Batman stories are known for their compelling villains as much as they are for the Dark Knight himself. As cool as Batman is, he needs villains like these to give him someone to bounce off of. Batwoman, meanwhile, dares to ask the question, “What if boring, crappy people had similar powers?”

This week, our story begins with a kid on a bus handling a canister of Mr. Freeze’s cryogenic fluid. When he mishandles it, it freezes the whole bus. Somehow, no one is hurt despite the bus being literally encased in ice. Or at least, that’s implied. It’s a really weird start. Batwoman is so interested in the consequences of our past actions, but it doesn’t even pause for a second to consider the kind of tragedy that could come from a child handling dangerous chemicals on public transit. Just last week, Renee Montoya was hassling Batwoman and the mayor of Gotham about exactly this kind of thing.

Instead, it’s just a cold open to tell us that there’s a Mr. Freeze episode coming.

That’s what they went with?

It’s not that there’s nothing interesting in this episode, it’s just that you really have to dig for it. Here’s the short version: After being frozen for something like 20 years, Nora Fries’ cryogenic chamber ran out of freeze juice and she ended up wandering around, disoriented. Gotham saw fit to put Nora, a person who was frozen due to chronic illness, into Arkham. She escaped during Elseworlds a couple years back. Since then, the side effects of the cryogenic freeze have made themselves apparent. Nora, aged 34 when she went in for two decades, now looks and moves like a senior citizen.

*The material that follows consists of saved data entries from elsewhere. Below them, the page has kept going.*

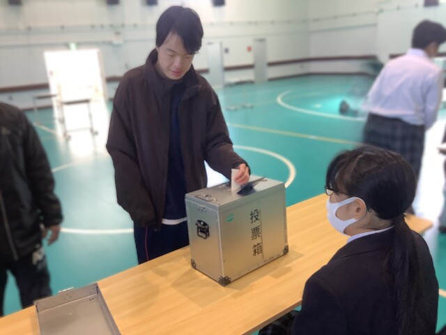 立候補者・推薦責任者は当日の演説だけでなく、事前の選挙運動にも積極的に取り組んできました。また、選挙管理委員の生徒は事前の活動や準備、当日の運営まで責任をもって取り組む様子が見られました。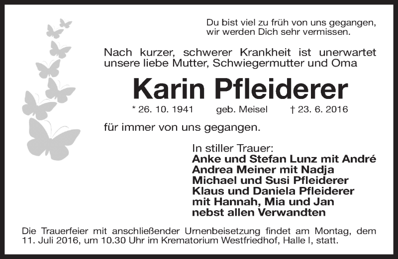 Hier finden Sie alle Traueranzeigen aus der Zeitung, die bisher für Karin Pfleiderer erschienen sind. Weitere Traueranzeigen, die in der Zeitung erscheinen, werden hier ebenfalls aufgelistet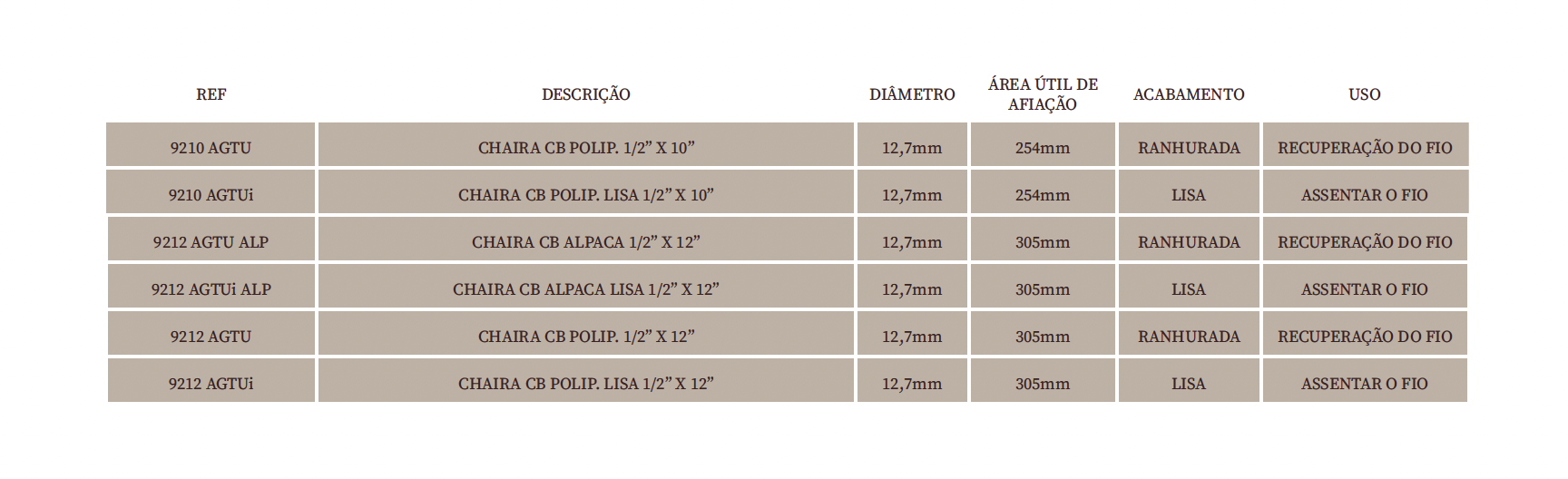 As chairas em Aço Prata Tungstenado recebem tratamento térmico indutivo e são revestidas com excelente camada de cromo duro, de 20 Microns. Chairas de 1/2” (12,70mm) de espessura e com dois comprimentos diferentes.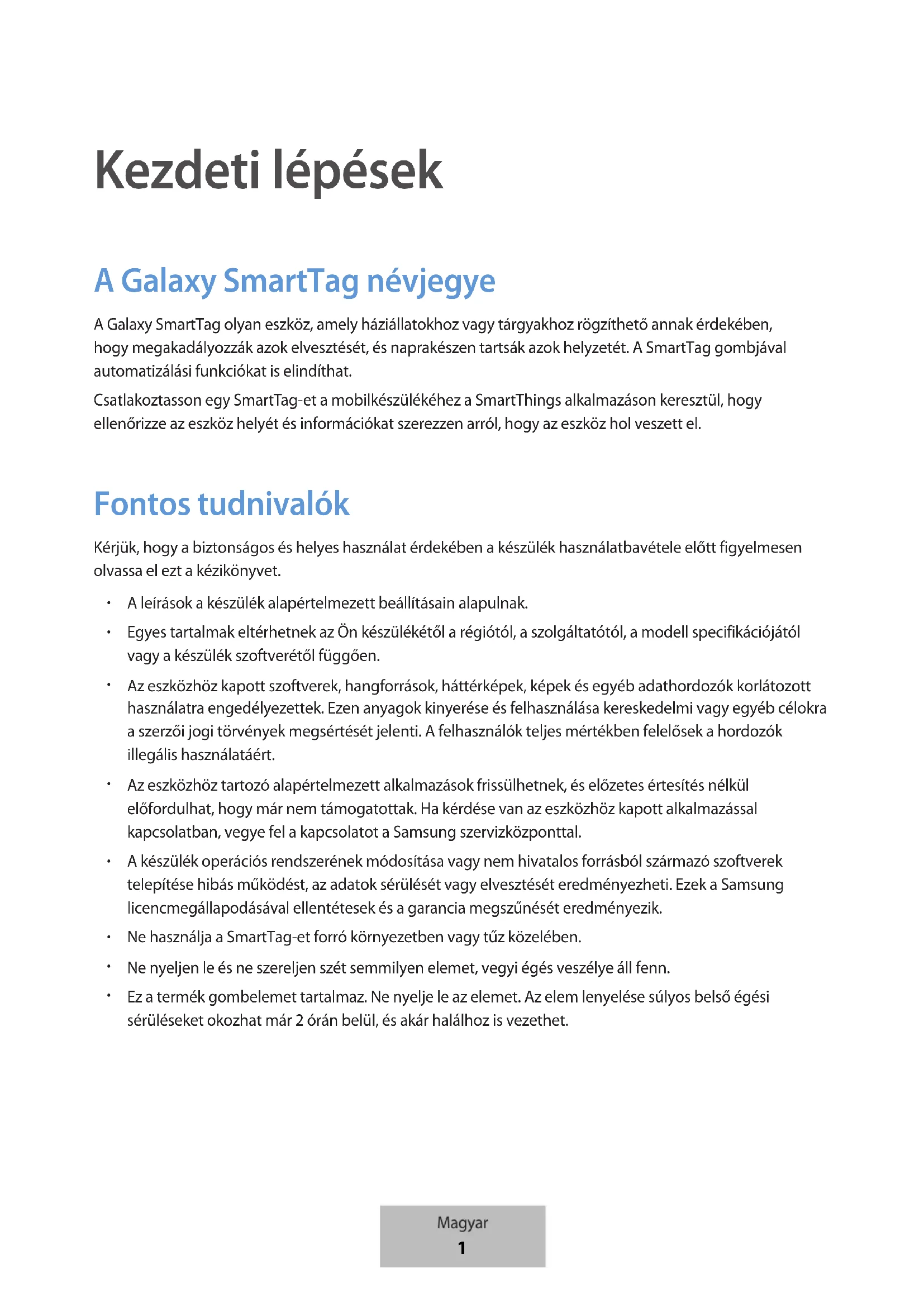Kezdeti lépések A Galaxy SmartTag névjegye A Galaxy SmartTag olyan eszköz, amely háziállatokhoz vagy tárgyakhoz rögzíthető annak érdekében, hogy megakadályozzák azok elvesztését, és naprakészen tartsák azok helyzetét. A SmartTag gombjával automatizálási funkciókat is elindíthat. Csatlakoztasson egy SmartTag-et a mobilkészülékéhez a SmartThings alkalmazáson keresztül, hogy ellenőrizze az eszköz helyét és információkat szerezzen arról, hogy az eszköz hol veszett el. Fontos tudnivalók Kérjük, hogy a biztonságos és helyes használat érdekében a készülék használatbavétele előtt figyelmesen olvassa el ezt a kézikönyvet.

I’m into the idea of the cryogenic freeze aging her rapidly; that there is a terrible price for what Freeze thought would be a way to stave off Nora’s illness is delicious irony. He should’ve valued the time he had with her rather than locking her away. However, it feels like the writers backed into the story we got. In what world do the authorities find a person wandering around disoriented and put them in the same place that held the Scarecrow and Harley Quinn? Police mistreatment is pretty believable in 2021, but this is such a stretch that it breaks the story before it even starts.

Thug #1, Thug #2

But this rapidly-aging Nora is living with her sister, who works for the Gotham PD. Like Vic, Nora’s sister seems to be putting the length of time instead of quality, as she comes home with the canister, which she pilfered from the Gotham PD evidence locker. They lose it just as quickly when a bunch of thugs show up to take the canister for their “client.”

Even up through the end of the episode, though, we never learn who their client is, and the story doesn’t even treat it like a big mystery. The thugs, meanwhile, receive absolutely no development. I don’t even think they get names, let alone anything resembling pathos. They’re just crappy, mean people who want to steal a can of magical ice for a mystery person, whom the show spends literally zero time dwelling on.

There is a cool moment when they’re chasing the thugs, who blow up a bridge, and Luke flies up in the Batwing suit and uses the canister to make a temporary bridge. But that’s the only thing that resembles some Mr. Freeze-style action.

This is not Batman’s legacy

Instead of feeling like Batwoman is exploring Batman’s legacy, what we end up with feels more like early-seasons Arrow. DC liked how profitable the show was but didn’t want it to interfere with their movies, and thus would force the show to dance around the idea of using known villains. It sure seems like that’s what’s happening again here, and it’s disappointing, to say the least.

It makes it hard to care about the rest of the stuff happening in the show. There are potentially interesting threads here: Luke’s arrogant denial about his PTSD, Alice’s apparently disintegrating mind, and Ryan’s family issues. Instead, they end up playing second fiddle to the least interesting possible use of Batman history.

The final moments of the episode hint at the season’s star villain, though, when some vines snake out of the bushes, wrap around Mary’s ankle, and pull her in Sam Raimi style. This part was legitimately cool, and I’m hopeful that Poison Ivy will bring some fresh life to the show. If the show continues tearing through Batman’s best villains with these D-grade stories, though, we’re in for a rough season.